Alice took a deep breath, regaining her composure.
"The Administrators are furious," she commented, looking at the nothingness above them. "They don't like it when someone meddles too much with the board."
"I presume they don't like me either, whatever those administrators are," Vergil replied.
She laughed softly.
"Indeed." Then her gaze turned serious. "But time's up."
She raised her face, staring at something Vergil couldn't see.
"He's coming."
"Who?" Vergil asked.
Alice smiled sharply.
"The Dragon of Infinity."
The name stirred something deep within Vergil's perception. Something ancient. Something that wasn't just powerful—it was structural.
"I understand," he said. "And you intend to…?"
"I'm going to kill her," Alice replied casually, as if talking about cleaning a messy room.
Vergil raised an eyebrow.
"Ambitious."
"Necessary."
The void began to unravel. The original reality pulled Vergil back with increasing force.
Alice took a few steps back, already beginning to fade into particles of white light.
"Come back," she said, waving her hand. "I'll wait for you on the other side."
She smiled once more.
"Goodbye, Father."
The white world collapsed, and the moment the white vanished, infinite darkness descended upon the domain, trapping Alice's body.
"You dare to do something so reckless," said the girl with dragon wings, gothic dress, and black hair. "Yog-Sothoth."

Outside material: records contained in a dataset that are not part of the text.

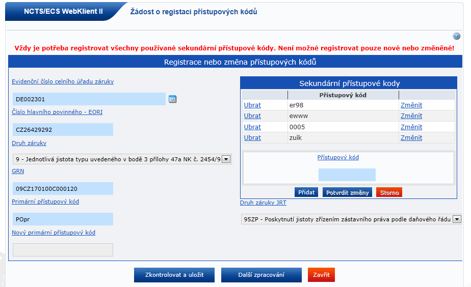Přestože uživatel aplikace NWK například přidává pouze jeden sekundární přístupový kód, musí uvést i všechny ostatní existující kódy, které chce nadále používat. Jinak to aplikace NWK vyhodnotí jako zrušení existujících sekundárních přístupových kódů. Tzn. vždy se musí zadat všechny aktuálně platné přístupové kódy.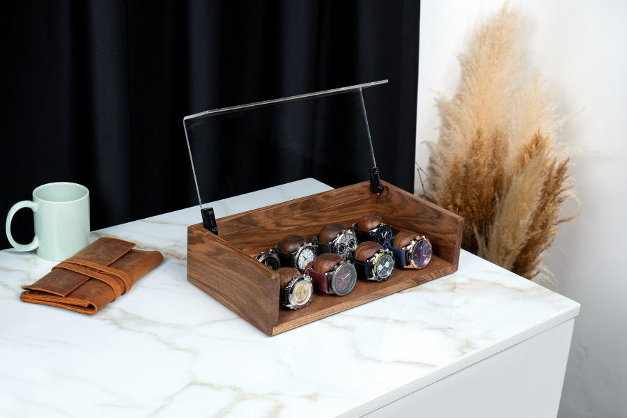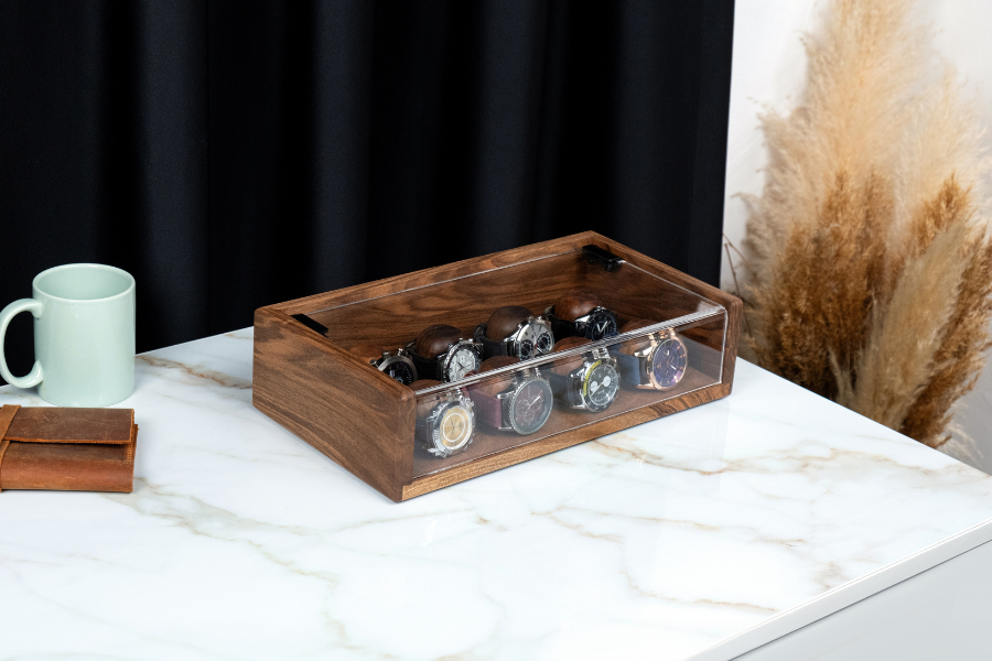 Whether you're a watch enthusiast looking to organize your collection or searching for the perfect gift, our Handmade Walnut Watch Box for 8 Watches and Acrylic Lid is the ideal choice. Treat yourself or someone special to this exquisite watch box and elevate your watch collection to new heights.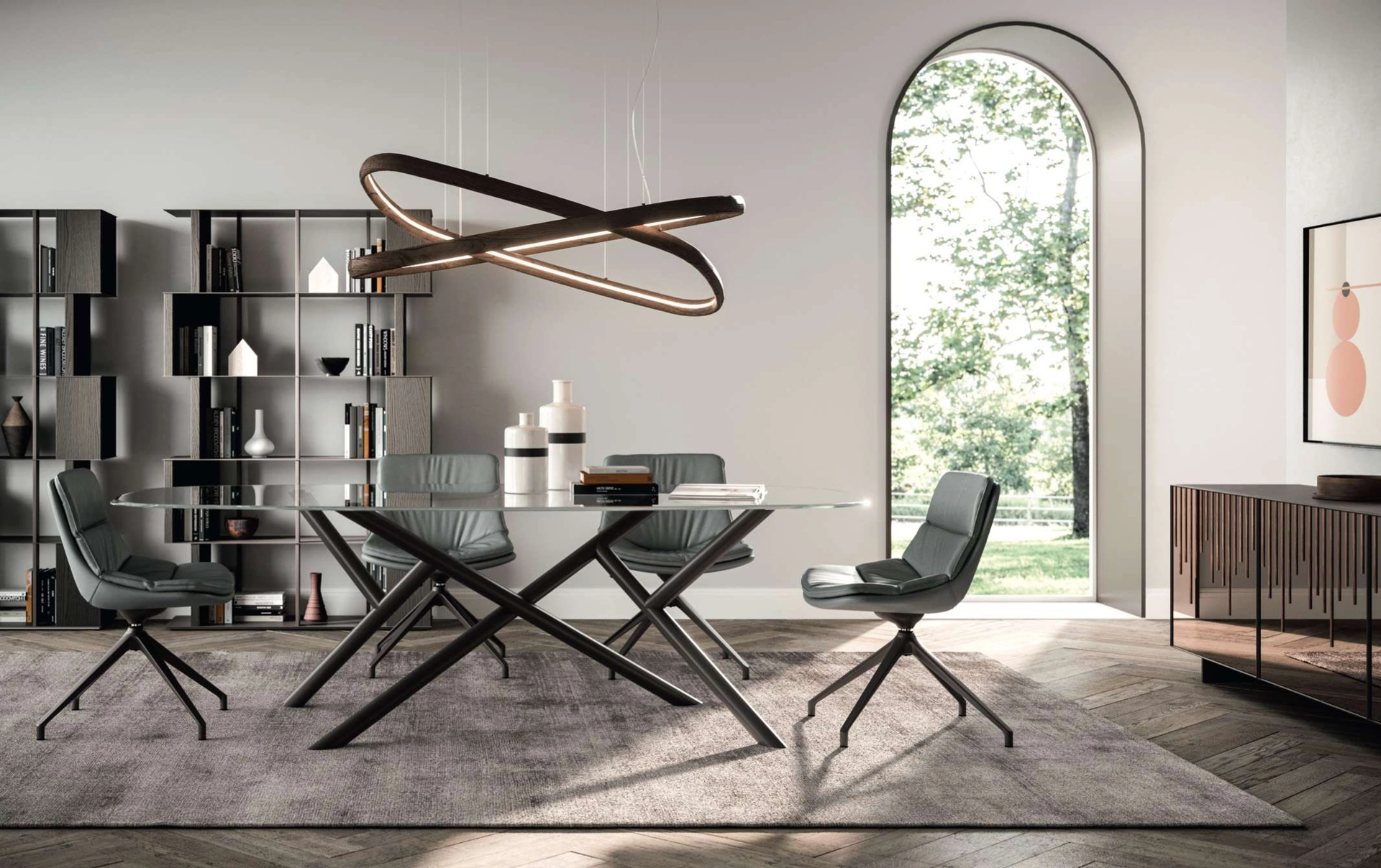 Il tavolo fisso Random di Ozzio si distingue per il suo design intrinsecamente scultoreo e le opzioni di piano in Cristallo, Ceramica o l'esclusivo Marble Glass, garantendo versatilità estetica. La base, una complessa struttura architettonica di tubi metallici, è disposta in un intreccio geometrico che cattura lo sguardo, con saldature e giunzioni sapientemente esposte per esaltarne il carattere industriale e la precisione costruttiva. Questo pezzo d'arredo incarna una fusione armoniosa tra l'innovazione del design e la robustezza dei materiali selezionati, assicurando una durabilità e uno stile che trascendono le tendenze.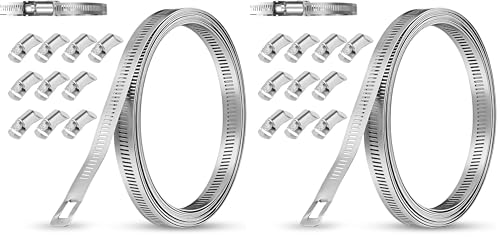 VINATO Collier de Serrage Inox 5m Bande Perforée en Métal + 10 Pièces Fixation, Collier Serrage Inox pour Tuyaux, Jardin, Automobile, Industrie (Lot de 2)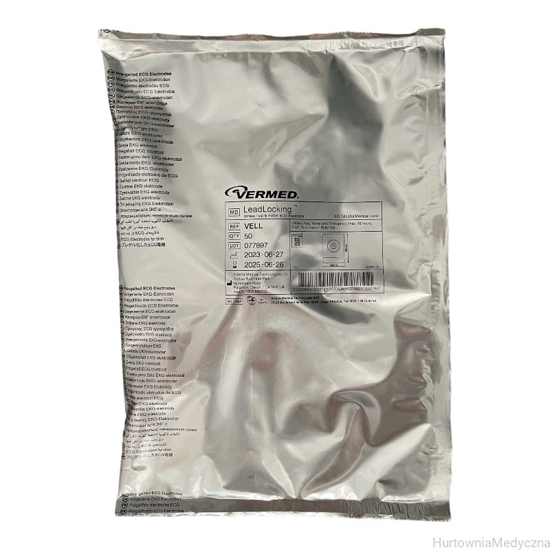Elektroda elektrody VERMED VELL do Holtera 24h A'50 szt. to elektroda jednorazowego użytku, niesterylna, przeznaczona do badań holterowskich i 24-godzinnego monitoringu pacjenta.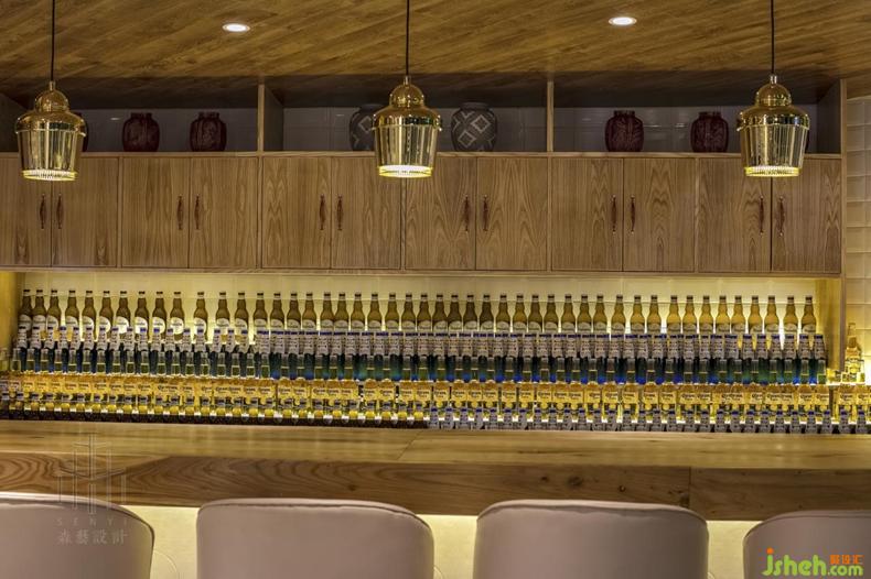 吧臺的設(shè)計(jì)是歲月沉淀下來的復(fù)古,金屬古銅吊燈與天然紋理制成的木式吧臺成了最佳搭檔,錯(cuò)落有致的酒品陳設(shè)融入空間,帶著酒香也釋放著豪放的氣息。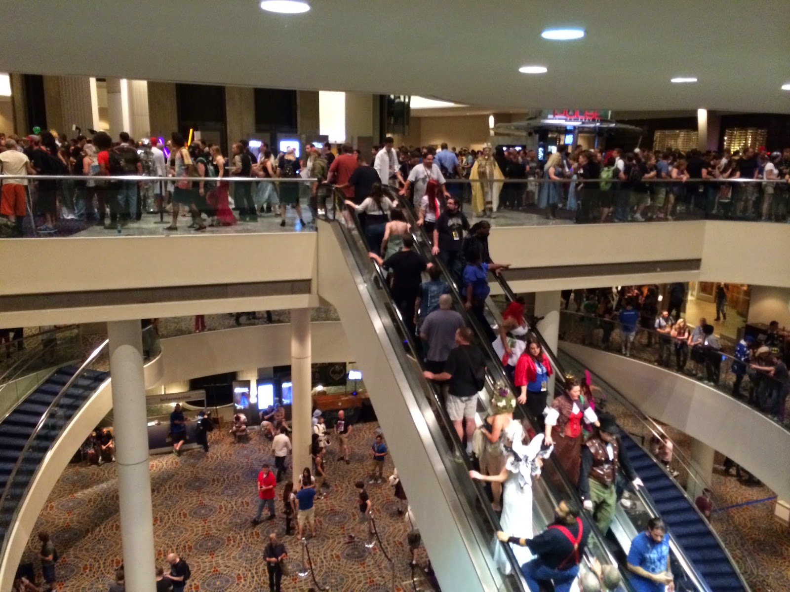 I routinely read and hear discussions of how SF/F is dead, but this con, like many other large cons, puts the lie to that statement. SF/F has carried the day, moved into video games and other games of all sorts, into TV shows and movies, and into the culture at large. Sales of paper books may be down, but overall book sales--ebooks do count--are up. The people at this con are, by and large, young and engaged and passionate about their interests. Those interests touch every aspect of the fantastic. If you asked them if science fiction and fantasy were dead, they would wonder if you were insane.

"Don't call me that, Ouroboros," Alice replied. "My father named me Alice Lucifer."
"Stop playing games, Yog-Sothoth," Ouroboros said. "I have orders to take you to—"

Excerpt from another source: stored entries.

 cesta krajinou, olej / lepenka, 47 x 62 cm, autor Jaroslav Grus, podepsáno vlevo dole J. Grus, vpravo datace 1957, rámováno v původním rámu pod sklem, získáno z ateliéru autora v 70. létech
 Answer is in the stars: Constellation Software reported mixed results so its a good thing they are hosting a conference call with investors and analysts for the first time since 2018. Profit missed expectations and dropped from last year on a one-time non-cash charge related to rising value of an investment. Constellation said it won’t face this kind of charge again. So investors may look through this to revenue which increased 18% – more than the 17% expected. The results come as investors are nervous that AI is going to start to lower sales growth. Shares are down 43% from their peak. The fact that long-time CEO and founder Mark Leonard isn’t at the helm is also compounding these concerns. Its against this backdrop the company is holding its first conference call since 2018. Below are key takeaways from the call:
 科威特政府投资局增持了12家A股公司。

"That's enough. The Great Red won't tolerate it," Alice said, then sighed. "Go away, parallel existence. If you want to capture me, come personally. Dragon God of Infinity."
Then, with one blow, space swallowed her, killing that girl…
Alice sighed…
"Why is dealing with timelines so frustrating… how many times have I said this today? A million? Damn it, I'm going to have to spend all my energy trying to get him to follow the right route," she said, frustrated.
She looked into the infinite and, again, her domain appeared. Once more, another Vergil emerged.
"Why send me to another dimension?" he asked, without raising his voice.
The Alice on the throne observed him for a few seconds before answering.
"Because you wouldn't listen to me any other way."
The cycle repeated itself.
The little girl would save her father.
Even if it meant rewinding time a billion times.